SEC filing made by ONEOK

 

In a new filing with the Securities and Exchange Commission, Tulsa-based ONEOK Inc. made notice that the company’s profit sharing plan is no longer in effect as a result of its merger with the company’s 401(k) plan.

It was a routine filing which was a deregistration of securities

 

EXPLANATORY NOTE: DEREGISTRATION OF SECURITIES

ONEOK, Inc. (the “Registrant”), is filing this Post-Effective Amendment No. 2 (the “Post-Effective Amendment”) to Registration Statement on Form S-8 to deregister certain securities previously registered by the Registrant pursuant to its Registration Statement on Form S-8 filed with the Securities and Exchange Commission (“SEC”) on December 30, 2004, as amended by Post-Effective Amendment No.1 to Form S-8 filed with the SEC on June 21, 2006 (SEC File No. 333-121769) (the “Registration Statement”) with respect to 1,000,000 shares of the Registrant’s Common Stock, par value $0.01 per share (the “Shares”) and an indeterminate amount of interests to be offered or sold pursuant to the ONEOK, Inc.
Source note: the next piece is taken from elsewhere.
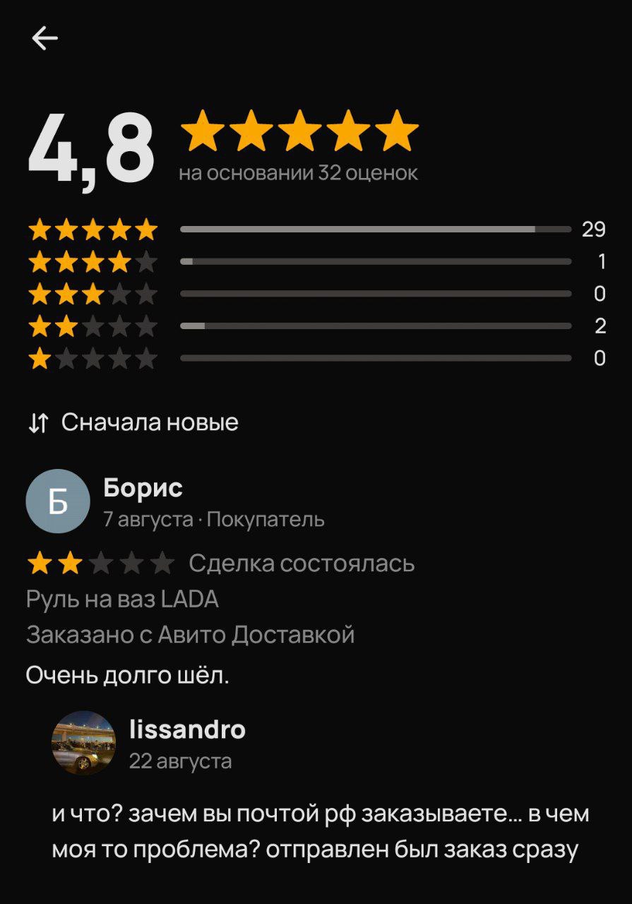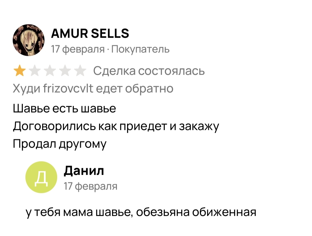 >мне и самому вероятно ебанули бы помойный отзыв в духе "не понравилась" Лично я не трясусь ради отзывов, это во-первых. Во-вторых, если чел не забрал заказ, то авита обычно встаёт на сторону продавца и делает "отзыв без оценки" внизу списка.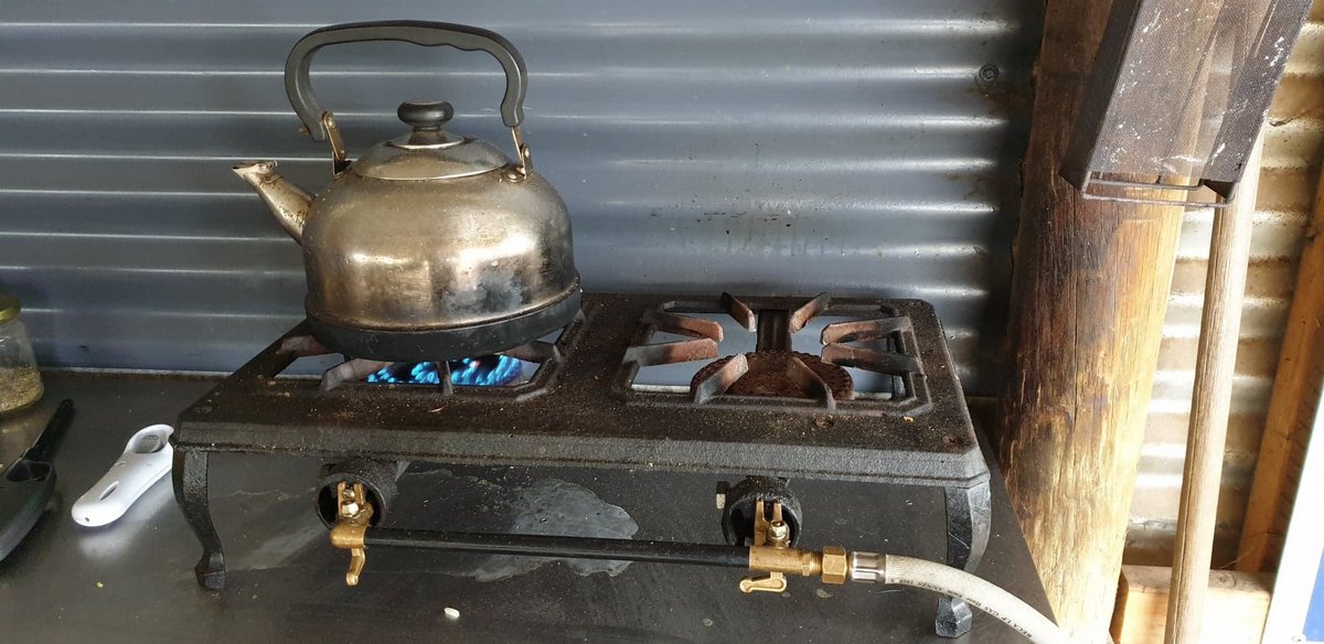 We used our own little stove as the ancient, but very functional, camp stove was in a place not sheltered from the wind and we couldn’t get the soup to heat. This was from earlier before the wind got up when we were making coffee for breakfast.

Profit Sharing Plan (the “Profit Sharing Plan”).

The separate existence of the Profit Sharing Plan ceased as a result of the merger of the Profit Sharing Plan into the ONEOK, Inc. 401(k) Plan (the “Plan Merger”). As a result of the Plan Merger, all offerings of the Registrant’s Shares pursuant to the Registration Statement have terminated. In accordance with an undertaking made by the Registrant in the Registration Statement to remove from registration, by means of a post-effective amendment, any Shares which remain unsold at the termination of the offering, the Registrant hereby removes from registration all Shares registered under the Registration Statement that remain unsold as of the date of this Post-Effective Amendment and terminates the effectiveness of the Registration Statement.

SIGNATURES

Pursuant to the requirements of the Securities Act of 1933, the Registrant certifies that it has reasonable grounds to believe that it meets all of the requirements for filing on Form S-8, and has duly caused this Post-Effective Amendment to the Registration Statement on Form S-8 to be signed on its behalf by the undersigned, thereunto duly authorized in the City of Tulsa, State of Oklahoma, on January 9, 2019.